Urkullu y Sánchez, obligados a entenderse en el País Vasco y Madrid

El candidato a la presidencia del País Vasco por el PNV, Iñigo Urkullu atiende a los medios la tarde del domingo electoral.
El candidato a la presidencia del País Vasco por el PNV, Iñigo Urkullu atiende a los medios la tarde del domingo electoral.
LUIS TEJIDO / EFE

Con más del 99% escrutado, el lehendakari saliente y actual candidato a la presidencia del gobierno vasco por el PNV, Iñigo Urkullu se ha impuesto en las elecciones autonómicas del País Vasco con 31 escaños y rozando el 40% de los votos, un resultado que mejora en dos escaños el obtenido por la formación nacionalista en 2016 pero que queda lejos de los 38 necesarios para gobernar sin socios.

El dictamen de las urnas obliga al PNV a buscar apoyos para lograr la investidura y todas las miradas están puestas en el PSOE, partido con el que han gobernado conjuntamente estos cuatro últimos años en la comunidad vasca y a quienes facilitaron la presidencia del Gobierno central con el voto favorable de sus seis diputados.

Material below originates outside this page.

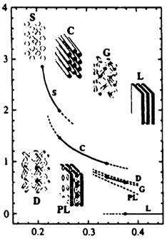 | Надмолекулярные структуры, образующиеся в нанокомпозиционном материале при разном содержании блоков. Сплошными линиями обозначены стабильные состояния: L — ламеллярная фаза, G — гироидная, С — колончатая, S — кубическая; штриховыми — метастабильные: PL — перфорированная ламеллярная, D — двойная алмазная (Matsen M.W., Bates. 1996). Кривизна поверхности – это средняя величина для всех граней наночастиц каждой структуры.

Por tanto PSOE y PNV están condenados a entenderse tanto en Madrid como en el Vitoria (sede del Parlamento vasco) para lograr sus objetivos, máxime cuando los socialistas necesitan apoyos para sacar adelante unos Presupuestos Generales del Estado cruciales para hacer frente a la reconstrucción económica tras las duras consecuencias causadas por la pandemia en la economía.

La formación nacionalista dio su apoyo al Gobierno en las siete votaciones sobre el estado de alarma que se han celebrado en el Congreso, pero el acercamiento del PSOE a Ciudadanos para sacar adelante las dos últimas prórrogas generó cierta inquietud en las filas del PNV, que ven a Ciudadanos como una fuerza antagónica a sus intereses.